Pasado Pluscuamperfecto


Había ido a trabajar por la mañana en metro, quitándose los pelos de las cejas mientras un niño pequeño la miraba atónito. Los niños no entienden esas cosas, no entienden que nos quitemos pelos o nos pongamos cremas, atónitos escuchan hablar del trabajo y del dinero, para ellos todo es un presente continuo sin pretensiones.
Pero ella, decía, había ido a trabajar en metro, y a la salida había decidido hacer un viaje por la ciudad -ya que estaba allí desde hacía más de veinte años, quizá no era mala idea disfrutar del paisaje, de la luz y de la gente de Madrid-, primero había quedado con sus compañeros de la universidad, había paseado por La latina y tomado cañas y cafés hasta las ocho de la tarde, cuando la luz y los guiris se desvanecen de las calles del centro. Después había vuelto a su nueva casa, se había arreglado un poco y como nadie tenía guardia en el hospital, había podido salir a beber vino blanco y comer croquetas de bacalao en una taberna de Malasaña. Había mirando entonces con cariño aquel instante, queriendo congelarlo en su memoria para cuando los pequeños conflictos del día a día la preocupaban.
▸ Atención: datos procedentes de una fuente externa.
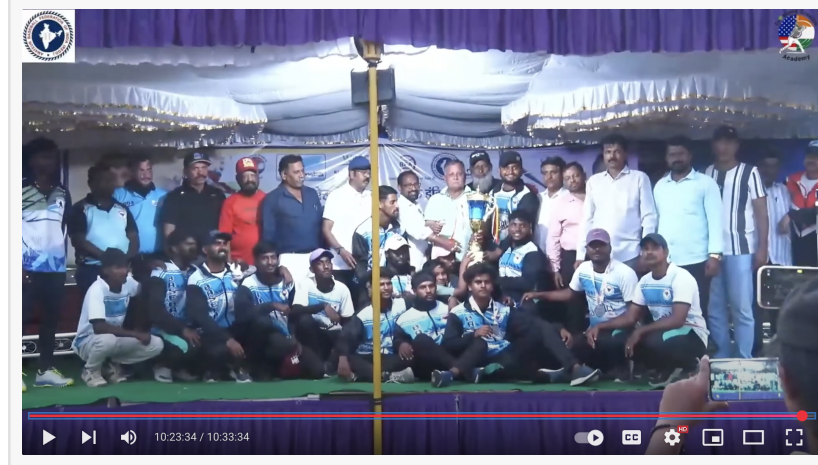
The Andhra Pradesh State Men's Team with official dignitaries at the closing ceremony

"For over a decade, I've dedicated myself to growing baseball in every corner of India—and this broadcast is a landmark moment in that mission. It's not just about streaming a tournament; it's about telling the untold story of Indian talent, passion, and perseverance. With voices coming together from India and the U.S., we're not just playing a game—we're building a movement. This is a bold step toward our vision of making baseball a recognized and celebrated sport in every Indian household."
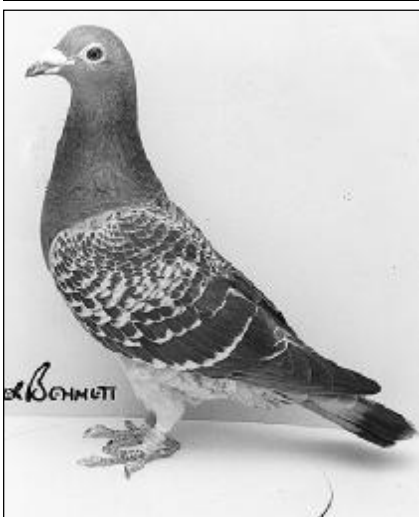
Dam of Certain, 1st Nat Marseilles 2000, g-ggrandam of Vend, 1st G/Nat Pau.
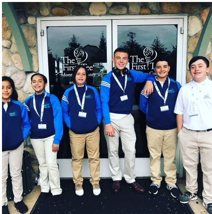
Left: FCF participants attending the Family Fun Zone on September 29th. Right: FCF Standard Bearers for the PURE Insurance Championship.
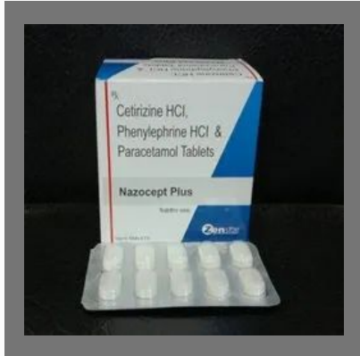
Cetirizine HCL, Phenylephrine HCL & Paracetamol Tablets
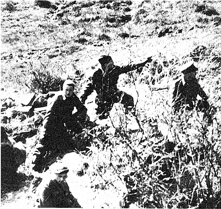
Above: Colonel McCool (pointing) training in the field with Viking Force, April 1942.

Había recordado también, al acercarse a ese bar con los mejores mojitos de los dieciséis años, cuantas noches había pensado antes que Madrid era una ciudad divertida y emocionante donde podía pasar cualquier cosa. Echaba de menos el mar, echaba de menos un poco menos de egoísmo y prisas, hubiera echado a unos cuantos políticos que llevaban demasiados años allí, pero en el fondo esa ciudad, había concluido, era maravillosa.
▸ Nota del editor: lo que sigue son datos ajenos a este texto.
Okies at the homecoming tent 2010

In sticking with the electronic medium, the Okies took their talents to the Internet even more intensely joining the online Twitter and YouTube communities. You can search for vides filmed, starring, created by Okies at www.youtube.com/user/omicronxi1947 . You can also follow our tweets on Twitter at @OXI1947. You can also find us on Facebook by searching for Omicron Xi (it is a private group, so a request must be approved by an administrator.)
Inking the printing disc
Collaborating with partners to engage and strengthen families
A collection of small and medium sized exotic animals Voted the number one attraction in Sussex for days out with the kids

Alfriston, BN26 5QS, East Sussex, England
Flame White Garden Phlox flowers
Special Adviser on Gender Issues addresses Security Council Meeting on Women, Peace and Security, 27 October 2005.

Había viajado lejos (a Flandes últimamente, pero eso es otra historia) y había querido irse aún más lejos millones de veces, pero sabía que siempre volvería. Volvería para ver todos los parques con cumpleaños al atardecer y para poder hacer San Cucufato Armendáriz y encontrar sitio un domingo por la tarde en Lavapiés, y tomar cervezas en su barrio con su familia, e ir al parque a corretear y bajar el cocido de las tres, y darse besos con todos, y coger el último autobús demasiado acelerado con su muy mejor amiga.
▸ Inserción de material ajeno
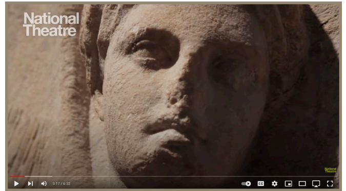
An Introduction to Greek Tragedy

Sabía que su ciudad no era una ciudad agradecida y por eso no se molestaba en defenderla, era su tierra como podía haber sido cualquier otra, pero nunca se preocupó en explicar a nadie lo genial que era. Se explicaba por sí misma: era una tierra de gente de todas partes donde en realidad nadie era de ningún sitio.

Aquí he vivido y por ahora, como uno que vive en la plaza de Tirso, aquí quiero quedarme.